A hormone that plays a role in fetal development may help protect the ovaries from chemo damage.
A naturally occurring hormone that plays an important role in fetal development may be the basis for a new type of reversible contraceptive that can protect ovaries from the damage caused by chemotherapy drugs.

In their report receiving online publication in PNAS journal, a team from the Pediatric Surgical Research Laboratories in the Harvard–affiliated Massachusetts General Hospital (MGH) Department of Surgery describes using Mullerian Inhibiting Substance (MIS) to halt, in a mouse model, the early development of the ovarian follicles in which oocytes mature, an accomplishment that protects these primordial follicles from chemotherapy–induced damage.

“MIS has long been suspected as an inhibitor of the initial stages of follicular development, but the complete blockade of the process was unexpected and opened up a number of new applications for the hormone,” said corresponding author David Pepin, an assistant professor of Surgery at Harvard Medical School (HMS).

During embryonic development, MIS is secreted by the testes of male embryos to prevent the maturation of structures that would give rise to female reproductive organs.

Chemotherapy’s anti–cancer effects depend on its ability to damage rapidly growing cells, including cells in maturing ovarian follicles.
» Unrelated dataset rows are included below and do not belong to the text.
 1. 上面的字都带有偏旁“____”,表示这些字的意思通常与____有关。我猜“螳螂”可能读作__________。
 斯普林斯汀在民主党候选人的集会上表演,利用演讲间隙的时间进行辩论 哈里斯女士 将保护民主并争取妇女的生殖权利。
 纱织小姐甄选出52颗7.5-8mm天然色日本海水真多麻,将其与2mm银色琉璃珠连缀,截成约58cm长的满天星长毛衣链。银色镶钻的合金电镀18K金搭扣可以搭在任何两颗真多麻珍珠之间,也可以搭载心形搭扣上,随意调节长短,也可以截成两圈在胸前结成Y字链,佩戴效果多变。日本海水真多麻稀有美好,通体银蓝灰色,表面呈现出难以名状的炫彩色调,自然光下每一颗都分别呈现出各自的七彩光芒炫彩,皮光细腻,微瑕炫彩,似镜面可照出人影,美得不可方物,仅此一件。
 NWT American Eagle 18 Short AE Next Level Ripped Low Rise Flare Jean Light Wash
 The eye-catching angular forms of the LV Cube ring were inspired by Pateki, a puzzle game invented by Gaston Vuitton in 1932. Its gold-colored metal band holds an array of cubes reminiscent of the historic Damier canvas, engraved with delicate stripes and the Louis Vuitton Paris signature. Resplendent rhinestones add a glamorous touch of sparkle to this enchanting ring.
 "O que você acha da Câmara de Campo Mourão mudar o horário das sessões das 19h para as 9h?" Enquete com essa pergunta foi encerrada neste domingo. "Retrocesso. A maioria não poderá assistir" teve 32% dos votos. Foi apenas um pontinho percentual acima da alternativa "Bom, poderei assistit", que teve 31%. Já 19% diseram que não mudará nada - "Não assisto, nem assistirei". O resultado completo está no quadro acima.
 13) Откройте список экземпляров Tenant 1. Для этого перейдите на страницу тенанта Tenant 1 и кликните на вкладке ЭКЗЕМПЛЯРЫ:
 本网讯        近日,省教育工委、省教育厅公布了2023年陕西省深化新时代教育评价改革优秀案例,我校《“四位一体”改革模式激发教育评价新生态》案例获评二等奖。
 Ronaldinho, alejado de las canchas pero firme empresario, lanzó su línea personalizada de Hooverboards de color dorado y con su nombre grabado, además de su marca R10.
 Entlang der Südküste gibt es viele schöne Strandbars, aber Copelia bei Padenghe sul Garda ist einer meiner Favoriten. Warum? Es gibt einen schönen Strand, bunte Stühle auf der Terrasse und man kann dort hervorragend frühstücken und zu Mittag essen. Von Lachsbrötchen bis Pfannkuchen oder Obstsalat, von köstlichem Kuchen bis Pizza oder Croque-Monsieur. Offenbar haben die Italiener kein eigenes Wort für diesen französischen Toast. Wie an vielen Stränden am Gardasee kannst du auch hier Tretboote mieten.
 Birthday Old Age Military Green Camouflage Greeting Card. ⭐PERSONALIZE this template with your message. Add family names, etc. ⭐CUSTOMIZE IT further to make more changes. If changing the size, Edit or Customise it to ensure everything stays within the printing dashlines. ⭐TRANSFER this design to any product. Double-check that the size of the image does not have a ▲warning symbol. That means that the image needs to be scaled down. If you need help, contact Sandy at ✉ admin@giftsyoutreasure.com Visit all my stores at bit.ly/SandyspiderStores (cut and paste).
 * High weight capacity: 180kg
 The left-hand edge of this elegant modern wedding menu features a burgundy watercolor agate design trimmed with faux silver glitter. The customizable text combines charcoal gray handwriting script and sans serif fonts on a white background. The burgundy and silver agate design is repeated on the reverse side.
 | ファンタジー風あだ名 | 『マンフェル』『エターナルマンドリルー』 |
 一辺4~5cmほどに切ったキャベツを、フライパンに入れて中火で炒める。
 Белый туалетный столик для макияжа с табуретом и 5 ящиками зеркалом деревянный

But chemotherapy is also believed to accelerate the activation of primordial follicles, essentially using up the ovarian reserve over a matter of months instead of years.
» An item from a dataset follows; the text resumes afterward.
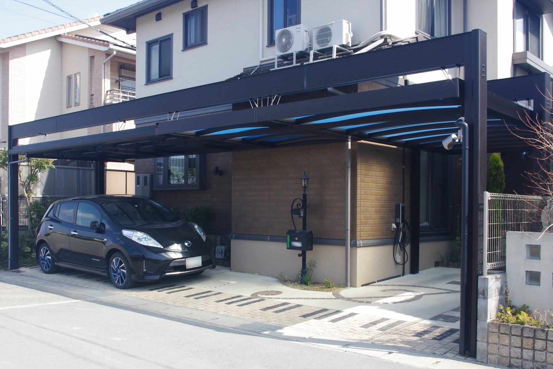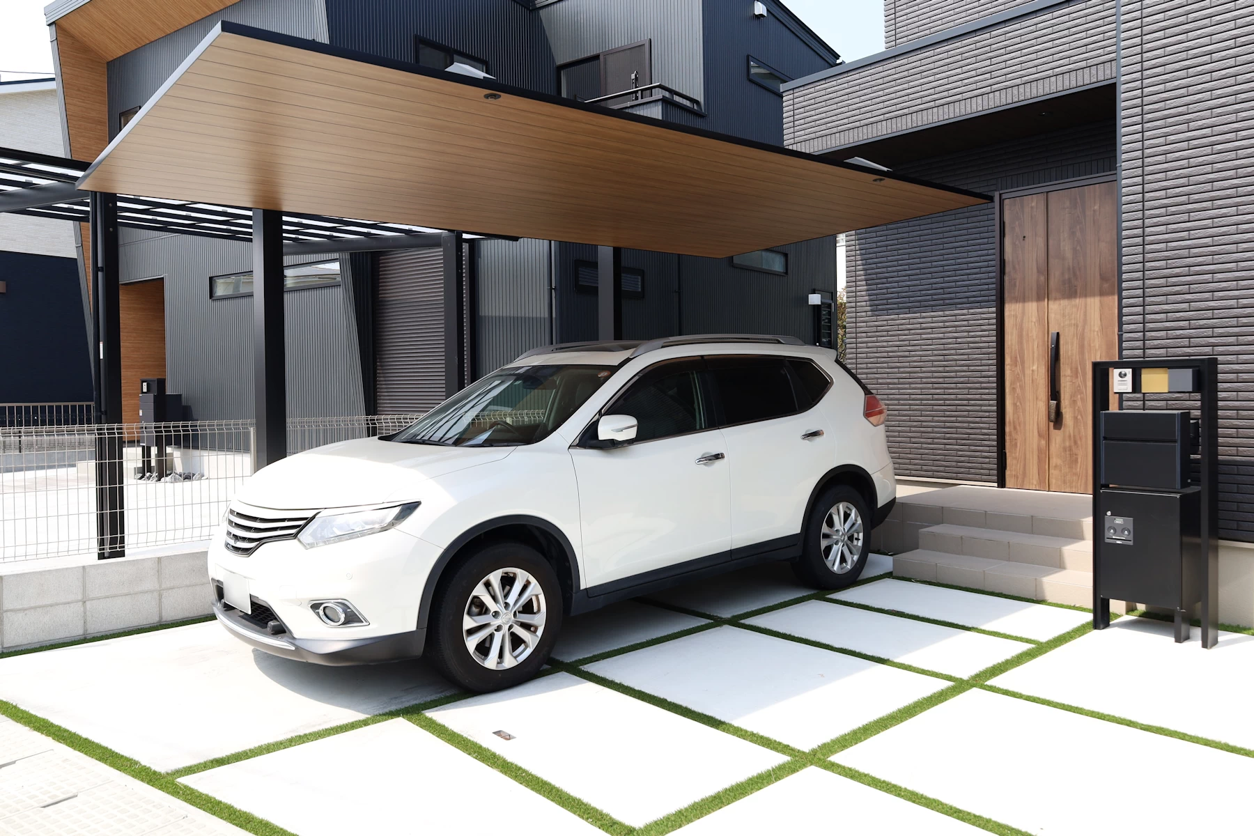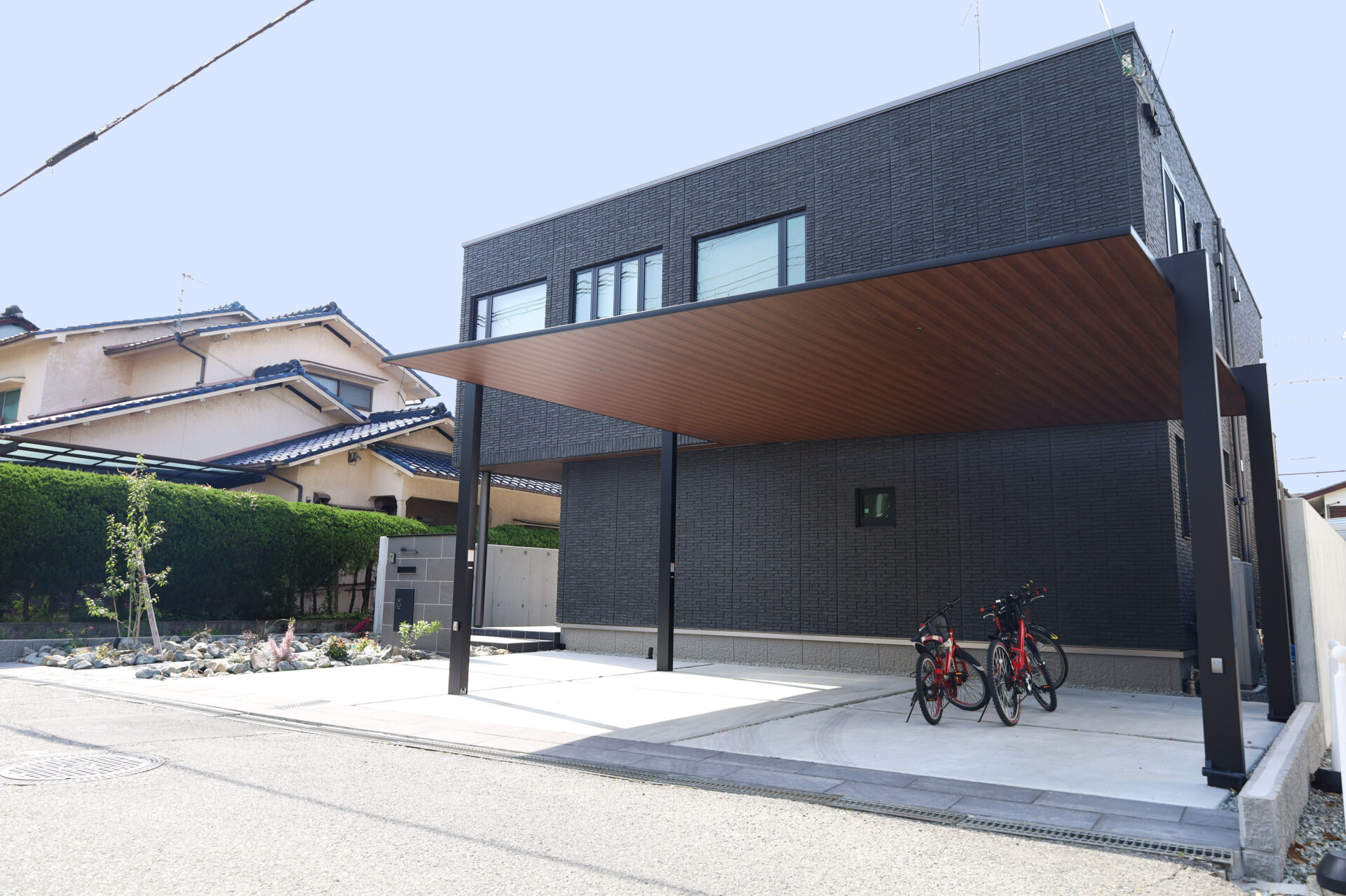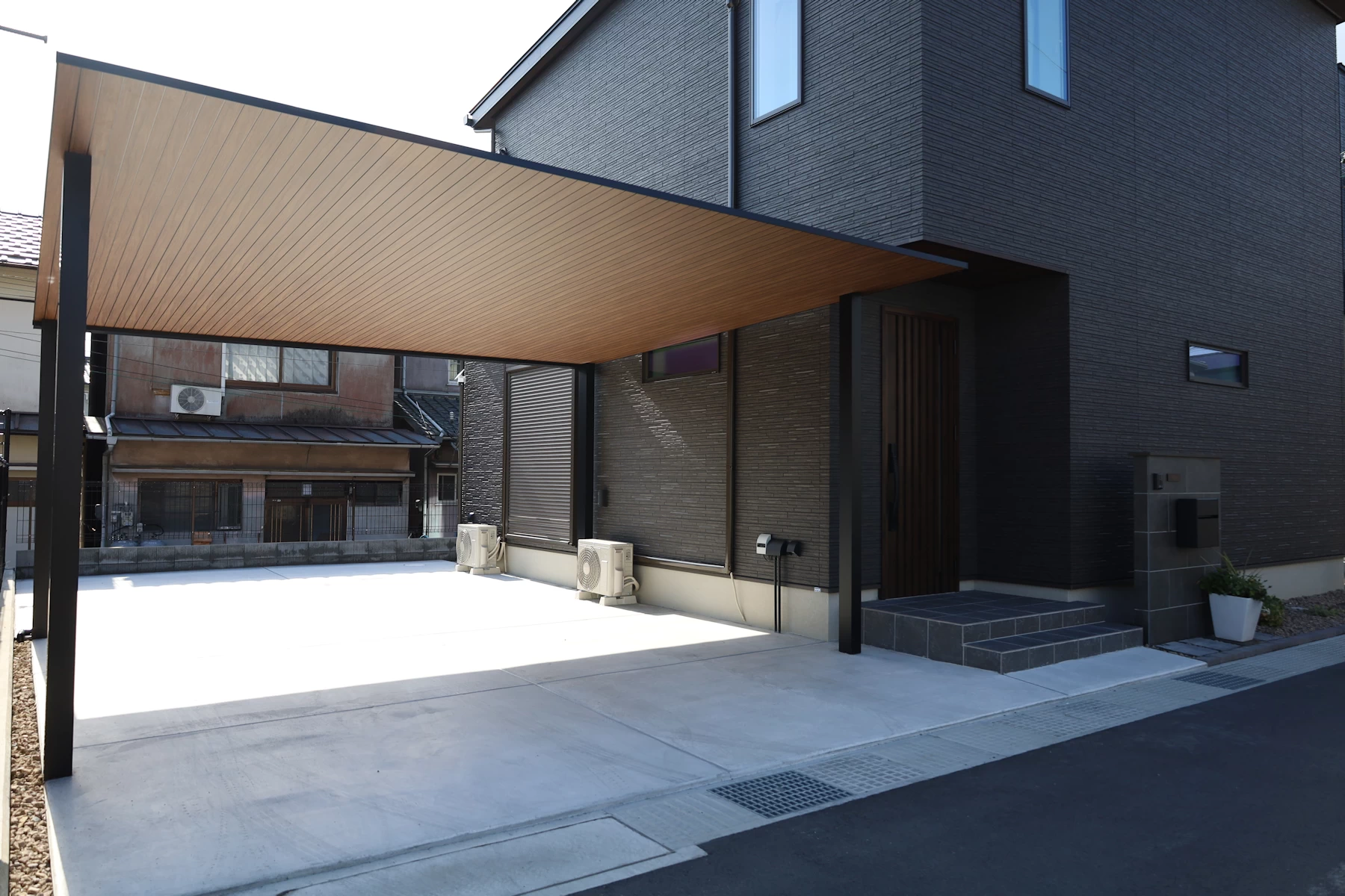 モダンな外観によく似合うオープンガレージを活かしたブラックカーポート

Current hormonal contraceptives act at later stages, after the follicle has been committed to either grow or perish, so the unique action of MIS in maintaining follicles at the primordial stage offered intriguing new possibilities.

In a series of experiments with female mice, the research team first showed that increasing MIS levels either by twice–daily injection of the purified protein or by gene therapy led to a gradual but significant decrease in the number of growing follicles, leading after several weeks to an almost complete lack of growing follicles but maintaining a consistent level of primordial follicles.
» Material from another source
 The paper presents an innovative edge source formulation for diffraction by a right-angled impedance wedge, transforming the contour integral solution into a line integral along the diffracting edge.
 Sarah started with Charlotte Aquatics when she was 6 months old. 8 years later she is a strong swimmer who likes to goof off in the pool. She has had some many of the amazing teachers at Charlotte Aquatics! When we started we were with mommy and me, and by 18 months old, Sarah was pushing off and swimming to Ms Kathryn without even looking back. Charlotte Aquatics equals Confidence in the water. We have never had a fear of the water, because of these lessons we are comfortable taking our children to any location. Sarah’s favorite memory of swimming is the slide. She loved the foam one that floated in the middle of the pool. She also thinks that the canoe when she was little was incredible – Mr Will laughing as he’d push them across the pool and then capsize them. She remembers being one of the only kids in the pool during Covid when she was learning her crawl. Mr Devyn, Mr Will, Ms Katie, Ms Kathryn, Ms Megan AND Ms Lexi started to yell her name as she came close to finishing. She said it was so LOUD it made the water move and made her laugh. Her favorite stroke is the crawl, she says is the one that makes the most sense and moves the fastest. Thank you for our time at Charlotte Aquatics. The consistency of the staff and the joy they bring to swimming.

Halting MIS treatment, either by discontinuing the injections or by transplanting follicle–depleted ovarian tissues from gene–therapy treated mice into untreated control animals, led to resumption of follicle development in as little as 12 days, indicating that the effect is reversible.

Mice in which MIS levels were elevated by gene therapy gradually lost their fertility, and those with higher MIS levels were completely infertile after six weeks.

Both methods of MIS administration were able to protect the ovarian reserve from the effects of common chemotherapy drugs, resulting in primordial follicle counts from 1.4 to nearly 3 times higher than in mice not receiving MIS during chemotherapy, with counts depending on the particular chemotherapy drug used and the route of MIS administration.

“MIS unique mechanism of action means it could be useful in treating many conditions that cause primary ovarian insufficiency or premature menopause. Long–term contraceptive use would probably require replacement of hormones such as estrogen to prevent the side effects of ovarian shutdown, which would be less of a concern for short–term treatment during chemotherapy. Gene therapy with MIS could also offer a nonsurgical alternative to veterinary sterilization procedures,” Pepin said.

Pepin’s team is now investigating the quality of the oocytes preserved by MIS treatment after chemotherapy, along with elucidating the molecular mechanisms by which MIS inhibits follicle activation, which may lead to the development of small–molecule oral alternatives.